At a social gathering during his undergraduate years, Richard Taylor made a discovery that has informed his teaching career. “Even as a student undergraduate, you didn’t want to necessarily admit that you were a physicist at a party,” he says. “I could tell that people were thinking, ‘What am I going to talk to this guy about?’ And I thought, ‘Why is it that for a subject I find so interesting—explaining the way the world runs—people don’t want to talk about it?’”

People love stories, he says, so thinking of his lectures as performances—“a bit like a rock concert, where you mix in the slow numbers along with the fast numbers”—Taylor uses a narrative format: He weaves some hard facts into a story line, eases off to let students digest information, then picks up the pace again. “I’m not a physicist because I love weird, hard equations; no one likes hard stuff,” he says. “You know, Paul McCartney didn’t need to have classical training to write great music. And you don’t need a PhD in physics for physics to be useful for you.”

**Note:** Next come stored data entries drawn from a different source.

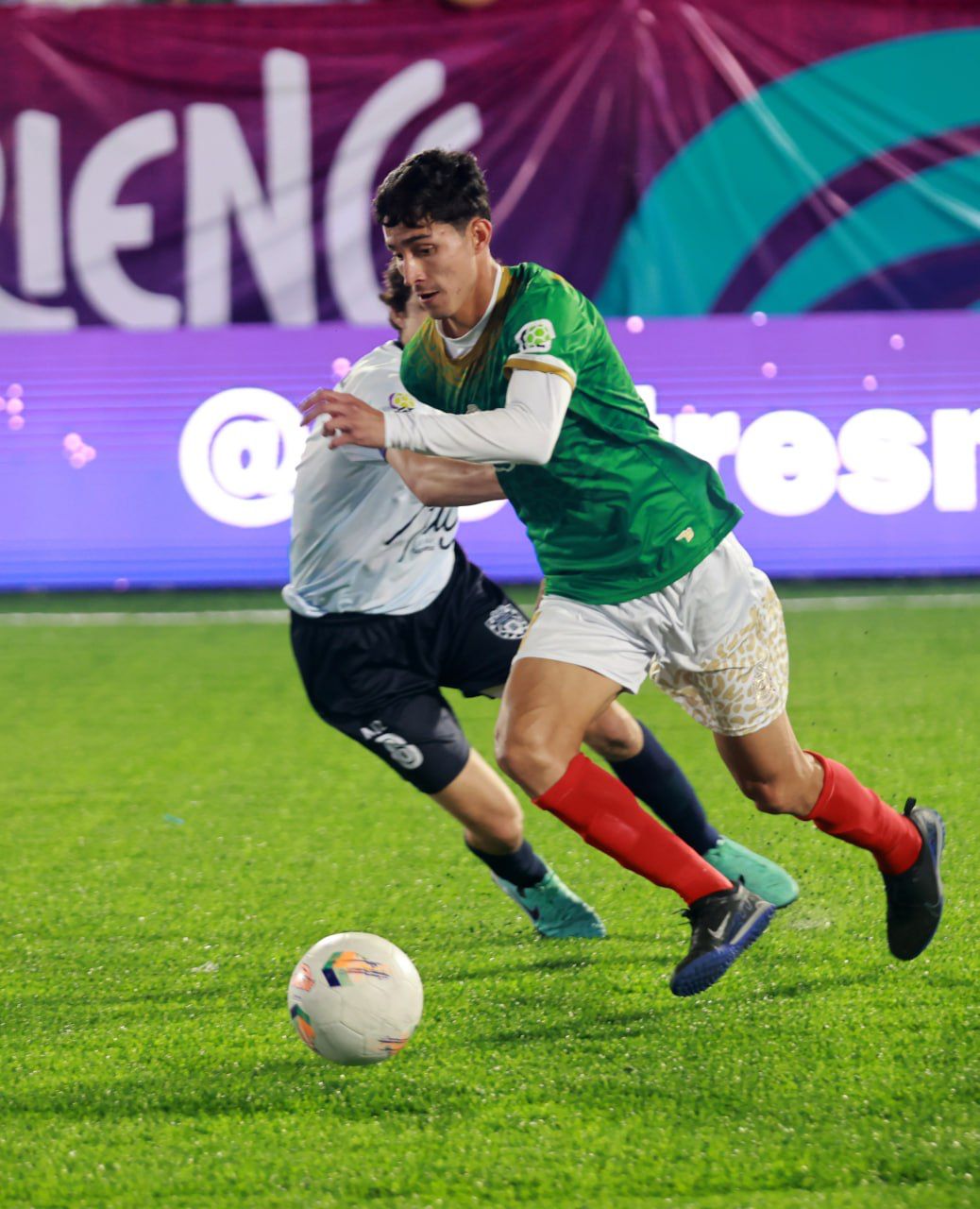 Durante el tiempo de descanso, los organizadores hicieron entrega oficial de la bandera de Socca a los representantes de la selección de Omán, equipo que será anfitrión en la Copa Mundial Socca 2024.
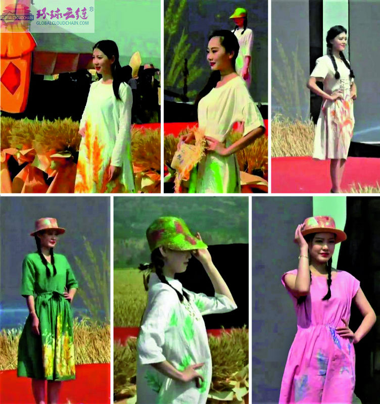 环球云链模特队表演的小麦主题服饰的绘制和走秀,智慧的设计师用艺术的方式表达生活,将悠久的黄河文明手绘在衣服上,用麦秆编织进草帽里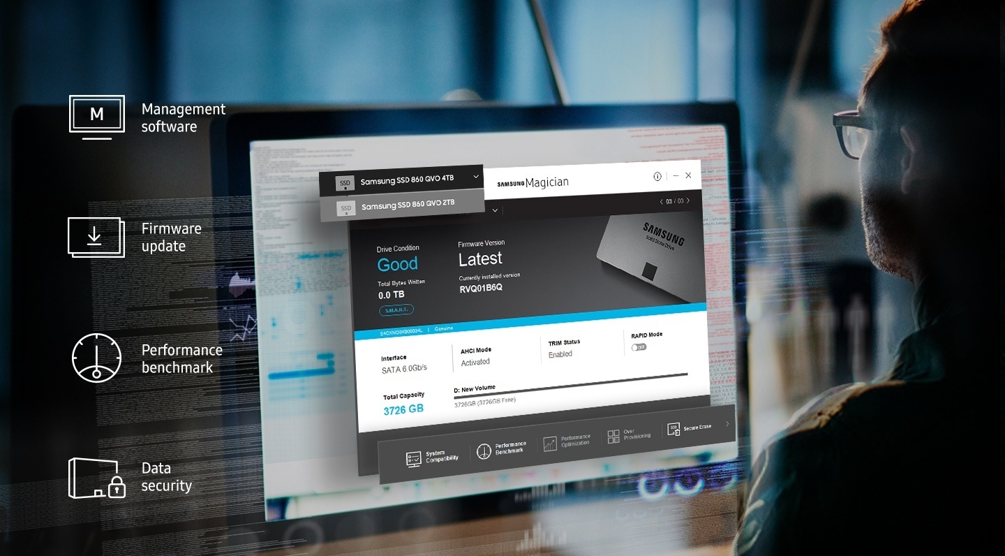 Ổ cứng SSD Samsung 860 QVO được đi kèm phần mềm Samsung Magician cho phép bạn thiết lập, tối ưu hóa và quản lý hệ thống của bạn, tăng tốc cho hiệu suất SSD cực cao.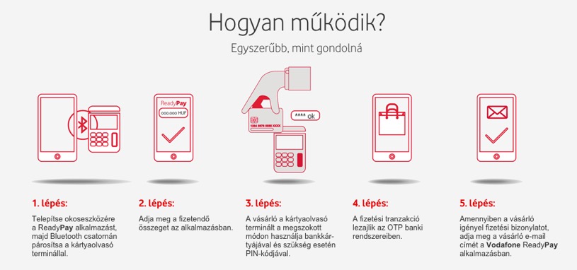 A ReadyPay mPOS terminál a vele bluetooth kapcsolattal párosított okostelefon, vagy táblagép segítségével kapcsolódik az internetre. A fizetési tranzakció az okoseszközre telepített Vodafone ReadyPay alkalmazás segítségével kezdeményezhető a fizetendő összeg megadásával. Ezt követően a kártyabirtokos az mPOS terminál segítségével leolvashatja bankkártyáját vagy mobiltárcáját, illetve szükség esetén beütheti PIN kódját. A fizetési tranzakció ezután a hagyományos bankkártya leolvasóknál megszokott módon zajlik le az OTP banki rendszereiben, amelynek eredményéről az okoseszközre telepített Vodafone ReadyPay alkalmazásra és emailben is értesítés érkezik az elfogadóhoz. A bankkártya birtokosa megadhatja érvényes email címét, így a fizetési folyamat befejezésekor a tranzakció eredményéről visszaigazolást is kaphat.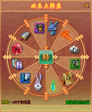 3活动内容: 1、玩家可使用活动道具"欢乐豆"来进行转盘; 2、拼运气,看人品,转盘后,可获得稀有坐骑等丰厚的道具奖励; 3、欢乐豆获取途径: 3.1 通过击杀"天狗"(12:30和18:30出现在皇城)、参与护花使者活动获得; 3.2 组队击杀"天狗"时,一定范围内的队友都能获得一个欢乐豆; 3.3 少于世界等级15级的角色无法获得欢乐豆。

Taylor’s research interests run the gamut from nanotechnology and quantum chaos to what he calls “the beautifully simple concept of fractals,” the fundamental building blocks of nature’s patterns. But, Taylor says, teaching is just as rewarding as his research. “My PhD students will go on to push the frontiers of physics,” says Taylor. “But I also teach about 750 students each year, most of them undergraduates, and they’re going to go out and spread the message that science is useful and interesting. That will also have a huge impact on society.”

Name: Richard Taylor

Education: PhD ’88, University of Nottingham, United Kingdom

Teaching Experience: Joined the UO faculty in 1999. Taylor has taught a broad range of courses at the UO and at institutions in the United Kingdom, Australia, New Zealand, and across the United States. His research has informed undergraduate lectures in physics, art, and communication studies around the world and is featured in college-level educational DVDs.

Awards: At the UO, Taylor won both a Williams Fellowship for Innovative Teaching and the Thomas Herman Distinguished Teaching Award in 2010.

Off-Campus: Taylor enjoys distance running—he runs a half-marathon by the river every weekend. Originally from Cheshire, England, he also enjoys travel and has lived in five different countries.

Last Word: [From the movie Spinal Tap] “Have a good time, all of the time!”